Consider the series $$\sum_{n=1}^\infty\frac{(-1)^n}{n\log^2(n+1)}.$$ Determine whether it converges absolutely or conditionally.
My attempt
S=$\sum_{n=1}^{\infty}( -1)^n$ an
an is monotonically decreasing and it approaches zero when n approaches infinity. So series is convergent .
Doubt
How to check for absolute convergence? Ratio test fails here.
On
Yes, you are correct, ratio test fails here. Hint: note that for $n\geq 3$, $$0\leq \frac{1}{n(\log^2(n+1))}\leq \frac{1}{n(\log^2(n))}\leq \int_{n-1}^{n}\frac{dx}{x(\log^2(x))}=\frac{1}{\log(n-1)}-\frac{1}{\log(n)}.$$
What may we conclude?
On
Simply we have $$\sum_{n=2}^\infty\frac{1}{n\log^2(n+1)}<\sum_{n=2}^\infty\frac{1}{n\log^2(n)}$$ and one may use the integral test for evaluating $\displaystyle\int_{2}^\infty\frac{dx}{x\log^2x}=\dfrac{1}{\log 2}$.

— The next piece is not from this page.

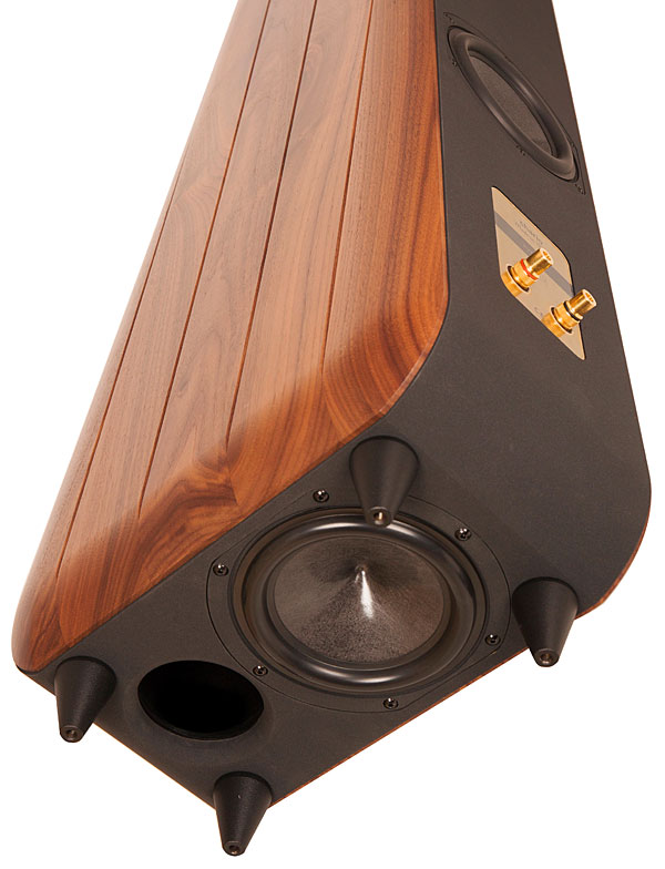 Ở mặt trước là một mid woofer và dải tweeter mềm tinh tế, được thiết kế tương tự như một chiếc loa bookshelf Aviator Ghibli mang đến sự tinh tế mềm mại nhưng giảm được sự méo tiếng do màng loa mid-woofer chỉ cần tái tạo trung âm.

For the absolute convergence by cauchy condensation test we can consider the convergenge of the condensed series $\sum 2^n a_{2^n}$ that is
$$\sum \frac{2^n}{2^n(\log^2(2^n+1))}=\sum \frac{1}{\log^2(2^n+1)}$$
which converges by limit comparison test with $\sum \frac1{n^2}$ indeed
$$\frac{1}{\log^2(2^n+1)}\sim\frac1{n^2\log^2 2}$$